Я иногда шучу, что полюбила его не за красоту, а за отвращение к ней.

Муж в долгу не остаётся:

— А я жену выбирал по фамилий.

Моя девичья фамилия Кривоносова.

Стоит ли говорить, что муж досадливо морщится, когда его путают, заглядываются на улице и вообще принимают за популярного артиста. Народ к кислой гримасе относится с пониманием — кумир устал от славы. Люди почему-то не обращают внимания на такую мелочь, как возраст. Олег Янковский уже дедушка, а моему мужу тридцать два. Всем кажется, что артист обязан выглядеть как в фильме, снятом двадцать лет назад.

Если бы дело ограничивалось только внешним сходством! Но мужа зовут… догадываетесь? Олег! А фамилия, вы не поверите, — Яновский! То есть не хватает одной буквы в середине слова, чтобы не предстать полнейшим клоном артиста.

Мой Олег начисто лишен авантюрных наклонностей, изображать из себя “сына лейтенанта Шмидта” никогда бы не стал. Да и драматическими талантами не обладает, говорит торопливо и не очень внятно, точно у него на языке горячий пельмень. Работа у него скромная и ответственная — технолог литейного производства на металлургическом комбинате. А я на том же комбинате работаю в химической лаборатории.

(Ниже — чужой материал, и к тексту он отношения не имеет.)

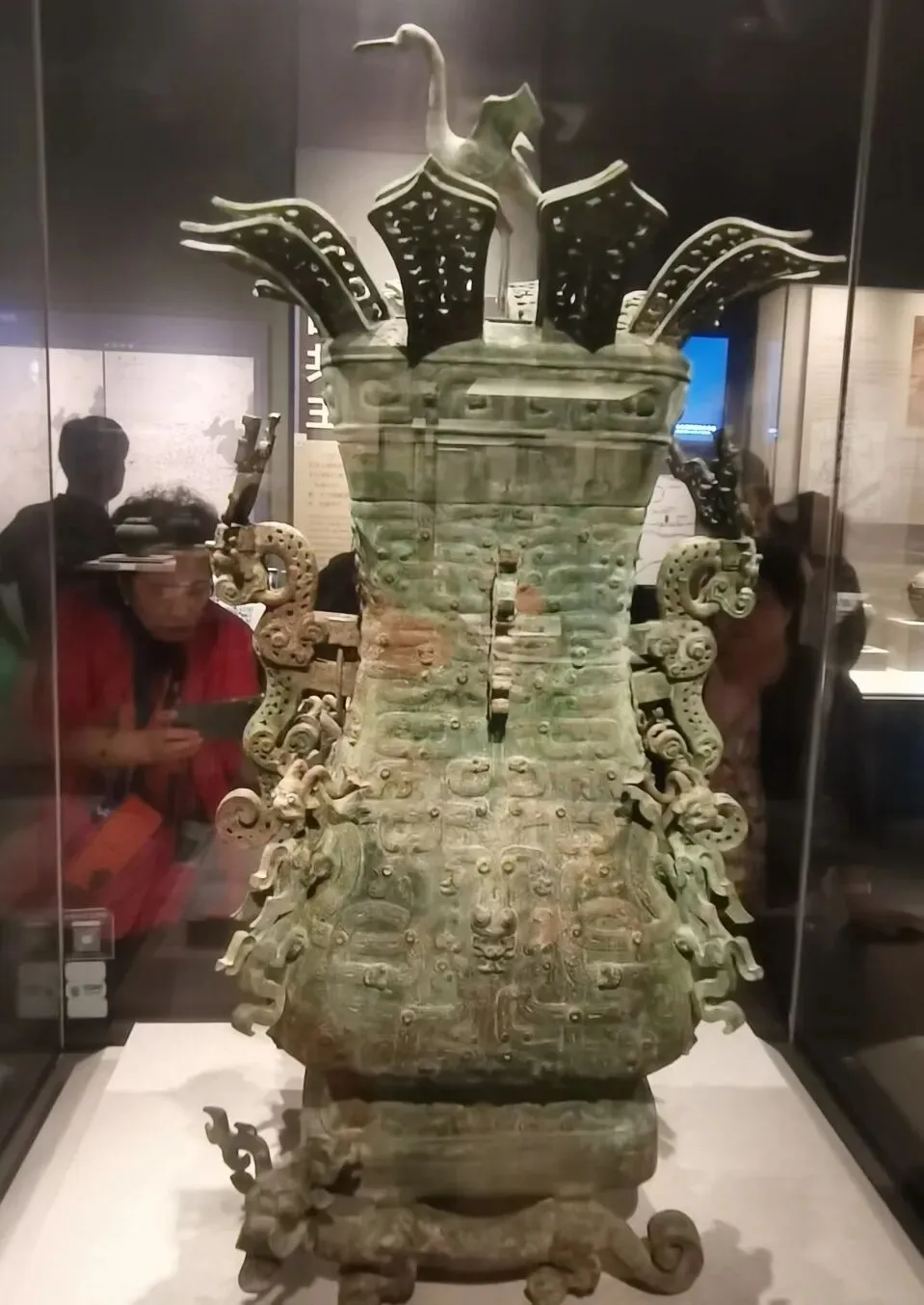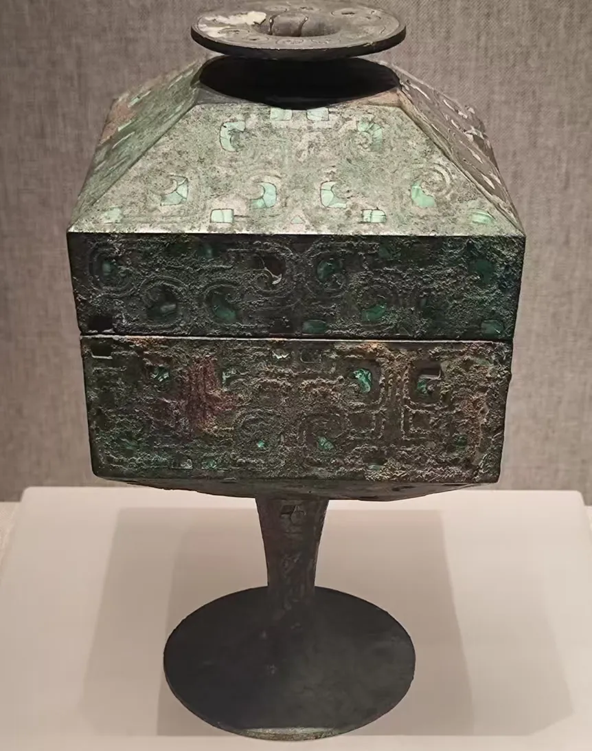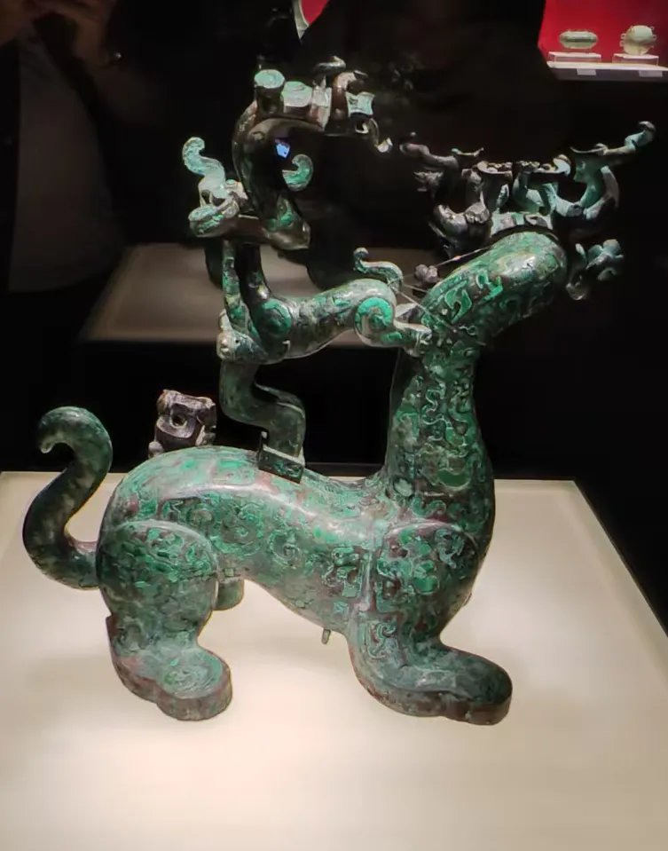 在宝鸡青铜器有不少四耳方座簋,鼎簋制是西周墓葬的标配,可是楚国出土的簋一点都不庄重,但是说是艺术品一点也不违和。还有镶嵌绿松石的神兽,像三星堆的青铜造型。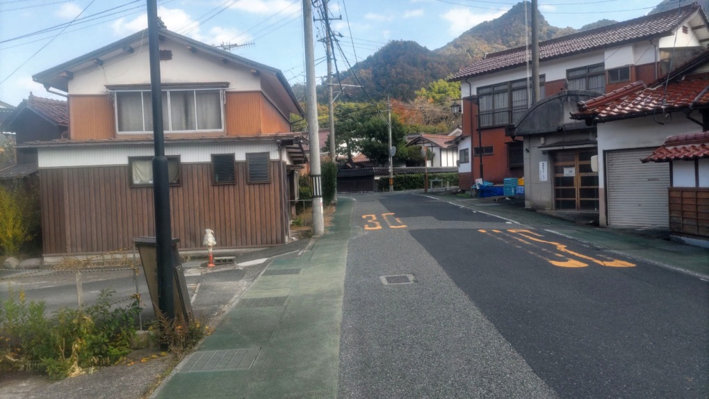 黒い鉄柱のそばに看板が立っていますが、国道沿いに入ってくると反対側になっていて見えづらいかもしれません。鉄柱を目印にゆっくりと進んでください。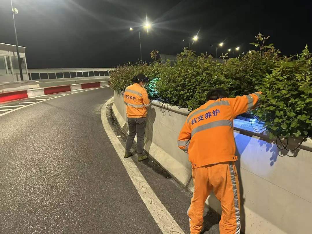 为了不打扰日间车流穿梭,不影响市民出行,所有精细化养护都藏在了夜色里。灯火通明的作业车旁,养护工人的身影在夜色中格外显眼,每一个动作都一丝不苟,每一处细节都用心呵护,用坚守为高架月季的盛放保驾护航。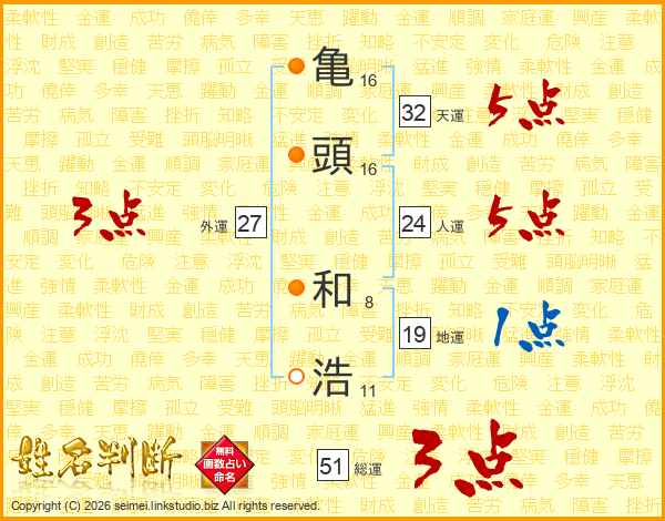 亀(16画)頭(16画) 和(8画)浩(11画)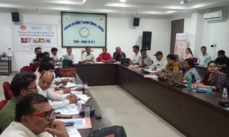 रायपुर। सीएमएचओ सभाकक्ष में सोमवार को कलेक्टर डॉ गौरव सिंह के निर्देशानुसार सर्विलेंस मेडिकल ऑफिसर (SMO), डब्लू.एच.ओ रायपुर डॉ. नितीन पाटिल के द्वारा एक दिवसीय VPD सर्विलेंस कार्यशाला का आयोजन किया गया।

Олег не знает, но мои подружки грешат тем, что посторонним людям показывают фото, сделанные у нас в гостях, где улыбающийся Олег обнимает их за плечи. Мол, с артистом Янковским они на короткой ноге.

Однажды мы с Олегом приехали в дом отдыха. Отдаем паспорта и путевки на регистрацию. Девушка испуганно и быстро смотрит то в документ, то на Олега. Прическу нервно поправляет, хватает трубку телефонную, куда-то звонит. Потом радостно и взволнованно сообщает нам:

— Освободился люкс. Вам по путевке не положено, но предоставим. Вам… — судорожно всхлипывает. — Вам обязательно предоставим!

Чувствую, Олег уже готов отказаться, обратить ее внимание на отсутствие буквы “к” в фамилии и откреститься от чужих лавров. Пнула его незаметно ногой: молчи! — и поблагодарила девушку.

Путевка была на десять дней, но через пять мы из дома отдыха удрали. Потому что повсюду: в столовой, на аллее парка, в коридорах и вестибюлях — на нас стреляли глазами, шушукались и выворачивали шеи. Плюс записки с приглашением на свидание от поклонниц! Одна записка была спрятана под тарелкой с супом, две просунуты под дверь, четвертая обнаружилась в кармане куртки мужа, полученной из гардероба. Вот подлые бабы! Я что? Прозрачная, невидимая? Хожу с ним под ручку, на два метра не отпускаю! Нет! Пишут и завлекают, на шею вешаются!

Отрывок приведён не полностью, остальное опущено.